What did @forever.fit.kelly actually say?
Kelly's claim is straightforward: Amazon has quietly removed bacteriostatic water (BAC water) from its platform, and people searching for it aren't finding results anymore. She says "it's pretty much just been removed from the platform" and recommends two alternatives, Perfect Peptides and a brand called Haspira, calling them "the same" product at different price points. She also mentions a free BAC water offer with a first order from Perfect Peptides.
This is a product availability video, not a medical claims video, which matters. Kelly isn't making therapeutic claims about peptides here. She's pointing people toward reconstitution supplies they're apparently already using. The framing is practical and relatively low-key, which is worth noting before we dissect it.
Does the science back this up?
There's no peer-reviewed literature on Amazon's internal product listing policies, obviously. But the underlying chemistry of bacteriostatic water is well-established and not in dispute. BAC water is sterile water containing 0.9% benzyl alcohol, which inhibits bacterial growth and allows multi-dose vials to remain stable over time. That's the whole point of it for peptide reconstitution.
What we can assess is whether BAC water availability on Amazon has actually changed. Multiple user reports across peptide and biohacking communities since late 2023 corroborate reduced search visibility for BAC water on Amazon. This appears to be consistent with broader platform policy tightening around products that have dual-use potential in unregulated injectable preparation. Amazon has not published a formal statement about this specific product category, so the precise reason for removal remains unconfirmed publicly.
The claim that the two brands she mentions are "the same" is chemically plausible. Bacteriostatic water is a standardized formulation, so brand differentiation is mostly about sterility assurance, packaging, and source verification, not a proprietary formula.
What did they get wrong (or right)?
Kelly gets the core observation right. BAC water does appear significantly harder to find on Amazon right now, and users in peptide communities have flagged this repeatedly. Credit where it's due: she's not being dramatic or conspiratorial about it, just practical.
Where she's on thinner ice: saying the two brands are definitively "the same" without any quality or sterility testing data is a stretch. For anyone injecting reconstituted peptides, the sourcing and sterility of BAC water is not a trivial detail. The FDA does not regulate most BAC water sold through supplement or lab-supply channels the same way it regulates pharmaceutical-grade sterile injectables. A 2021 review in the Journal of Pharmaceutical Sciences (Bhatt et al.) on compounded sterile preparations noted that contamination risk in non-pharmacy-prepared sterile products is a real and underreported concern.
She also doesn't address how to verify product sterility or what to look for in a reputable BAC water source. That's a meaningful gap when your audience is using this for injectable reconstitution.
What should you actually know?
If you're using BAC water to reconstitute peptides, the quality of that water matters. Benzyl alcohol concentration should be 0.9%, the vials should be sealed and sterile, and the supplier should ideally have a certificate of analysis available. This isn't fearmongering. It's basic harm reduction for anyone working with injectables outside of a clinical setting.

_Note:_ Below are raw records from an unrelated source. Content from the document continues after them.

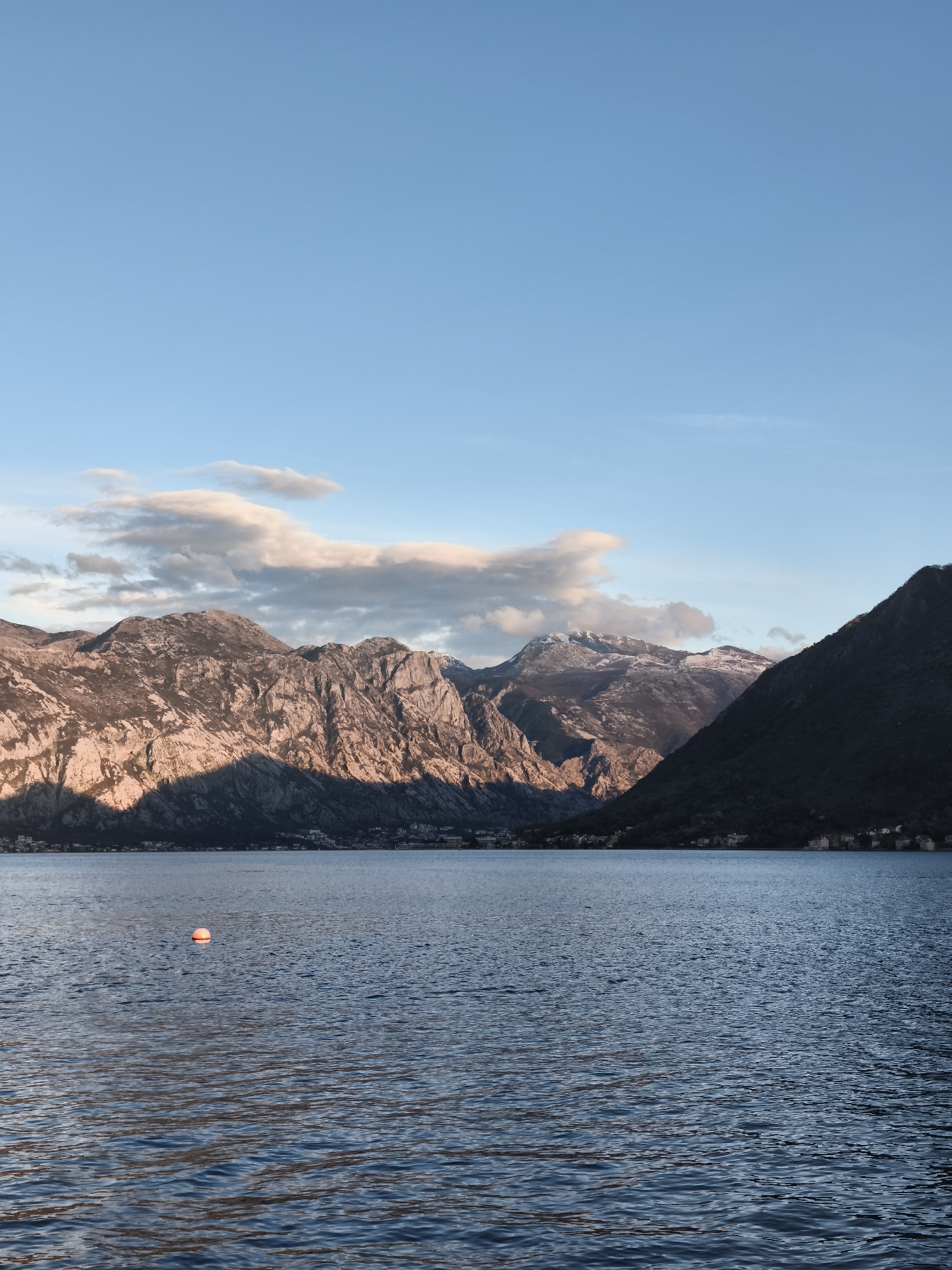 The image depicts a scene in Perast, Montenegro, showcasing a body of water with mountains in the background under a partially cloudy sky. The water has visible ripples, suggesting a gentle breeze. An orange and white buoy is floating in the water near the foreground. The mountains in the background are rugged with visible rock formations. The left and center mountains are illuminated by sunlight, while the mountain to the right is shadowed and covered with dark trees. The sky is a gradient of blue with some white clouds. Some houses can be seen between the mountains and the water.
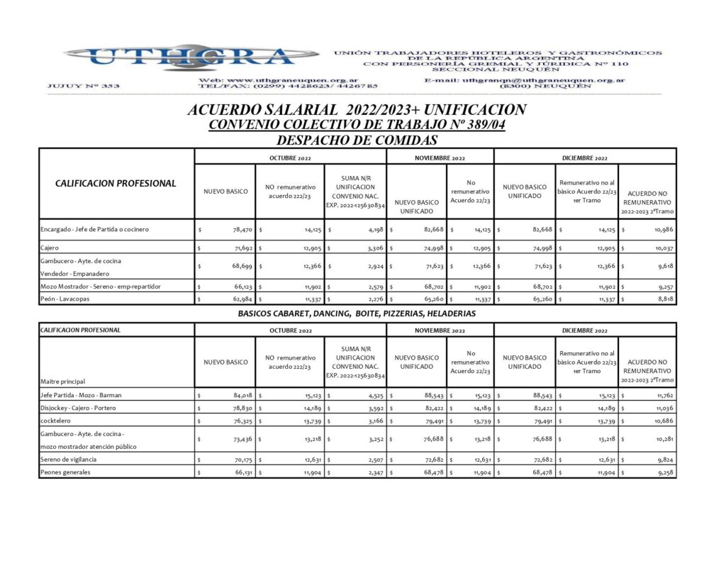 Nuevas Escalas Salariales 28 noviembre, 2022 vo000402 Sin categoría, Últimas Publicaciones Escalas salariales acuerdo 2022-2023+ Unificación correspondiente al convenio 389/04.
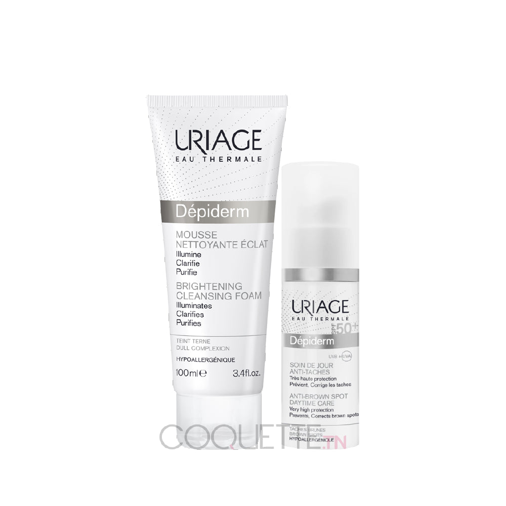 URIAGE DEPIDERM Mousse nettoyante éclat 100ml + URIAGE DEPIDERM SPF 50 Soin de jour anti-taches, 30ml
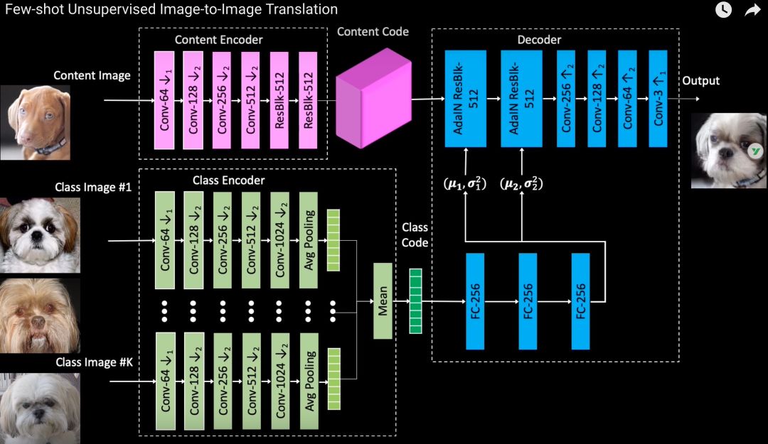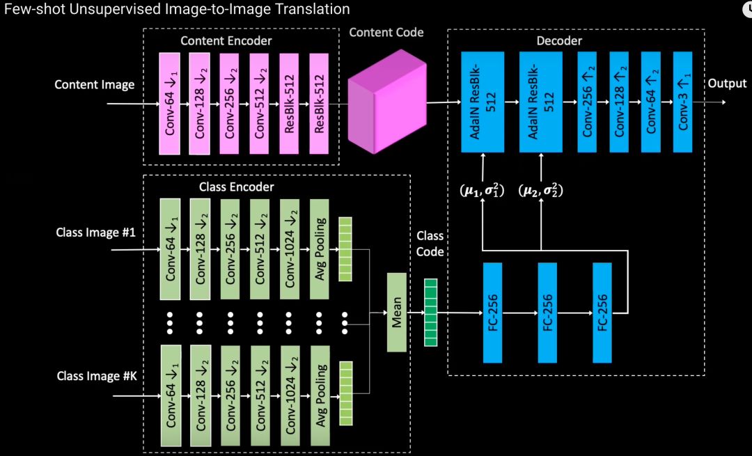 请注意,FUNIT生成器需要两个输入:1)内容图像(红色线圈选)和2)一组目标类图像(绿色线圈选)。 它旨在生成类似于目标类图像的输入图像的转换。
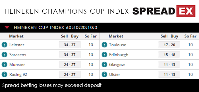 The defending champions are also favourites for the competition as a whole; while they share an Outright Index spread of 34-37 with Saracens, the Irish club sit at a superior fixed odds price of 7/4 to their English rival’s 9/4. If Leinster are victorious, it could well set up a replay of last year’s final in this season’s semis, as 2017/18 runners-up Racing 92 face Toulouse at 3.15pm on BT Sport 3 this Sunday. Interestingly, though Racing are well off the pace in the Top 14, trailing their weekend opponents by 16 points, they are still fancied to progress, if only just, with Spreadex offering a Racing 92/Toulouse Points Supremacy spread of 3-6. On the other side of the draw, Saturday sees Saracens resume their campaign with a visit from the Glasgow Warriors, at 3.15pm on BT Sport 3. The best-ranked team following the group stages, Saracens will fancy their chances, even if the Warriors are top of the Pro14’s Conference A, with Spreadex offering a Saracens/Glasgow Points Supremacy spread of 14-17. Finally the quarter-finals actually begin at 12.45pm on Channel 4, as Edinburgh take on Munster. The Scots aren’t have the best season over in the Pro 14, while the Irish side are only a few points behind Glasgow, a situation that contributes to the Munster/Edinburgh (h) Points Supremacy spread of 3-6.
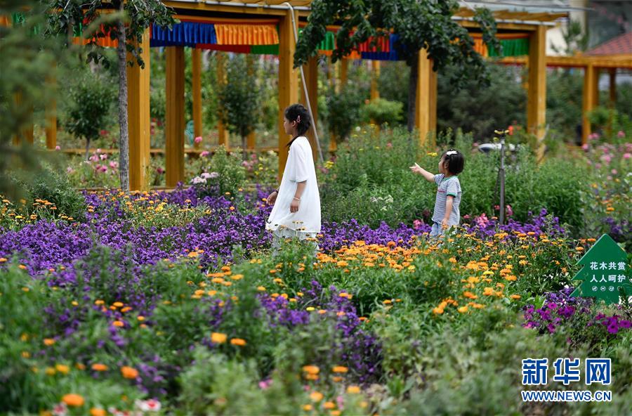 8月11日,小朋友在尖扎縣昂拉鄉(xiāng)德吉村花海景區(qū)內游玩。新華社記者張龍攝
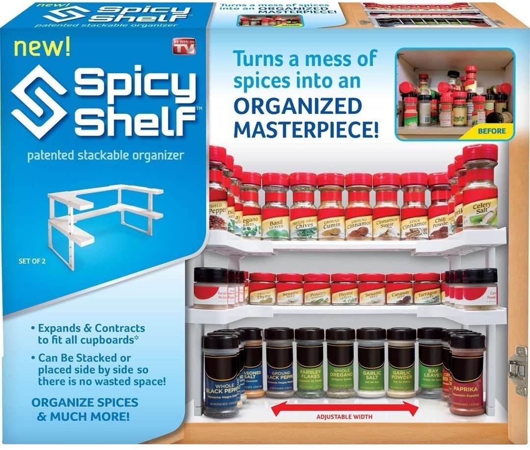 - El estante organizador de clóset Spicy de cocina es fácil de instalar y no se necesitan herramientas. Usa las patas libres o los pasadores de estantes que tengas.
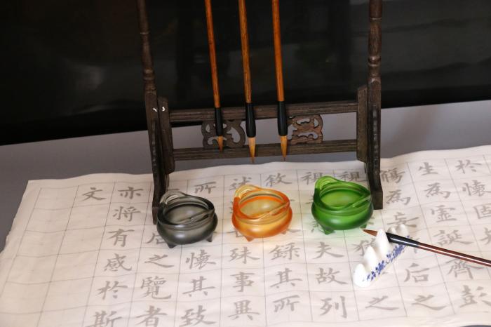 3. 成形,是将熔制好的琉璃液转变成具有固定形状的固体制品。成形必须在一定温度范围内才能进行,这是一个冷却过程,琉璃首先由粘性液态转变为可塑态,再转变成脆性固态。 因为人工成形劳动强度大,温度高,条件差,所以,除自由成形外,大部分已被机械成形所取代。机械成形除了压制、吹制、拉制外,还有(1)压延法,用来生产厚的平板琉璃、刻花琉璃、夹金属丝琉璃等。(2)浇铸法,生产光学琉璃。(3)离心浇铸法,用于制造大直径的琉璃管、器皿和大容量的反应锅。这是将琉璃熔体注入高速旋转的模子中,由于离心力使琉璃紧贴到模子壁上,旋转继续进行直到琉璃硬化为止。(4)烧结法,用于生产泡沫琉璃。它是在玻璃粉末中加入发泡剂,在有盖的金属模具中加热,玻璃在加热过程中形成很多闭口气泡这是一种很好的绝热、隔音材料。此外,平板琉璃的成形有垂直引上法、平拉法和浮法。浮法是让琉璃液流漂浮在熔融金属(锡)表面上形成平板琉璃的方法,其主要优点是玻璃质量高(平整、光洁),拉引速度快,产量大 。

Amazon pulling BAC water is consistent with a broader pattern of major retail platforms restricting products that are adjacent to unregulated injectable use. This is not unique to BAC water. Syringes and certain reconstitution kits have faced similar restrictions on various platforms over the past few years.
If you need BAC water, veterinary supply companies and compounding pharmacies are also legitimate sources worth knowing about, not just the two brands Kelly mentions. And if you're reconstituting peptides for injection, the conversation about sterility, technique, and medical supervision is one that should happen with a licensed provider, not just a TikTok comment section.
- BAC water is 0.9% benzyl alcohol in sterile water, not a proprietary product.
- Sterility of the source matters significantly for anyone using it in injectable preparations.
- Amazon's policy changes on this product category appear real but have not been formally announced.
- Compounding pharmacies and licensed veterinary suppliers are regulated alternatives worth considering.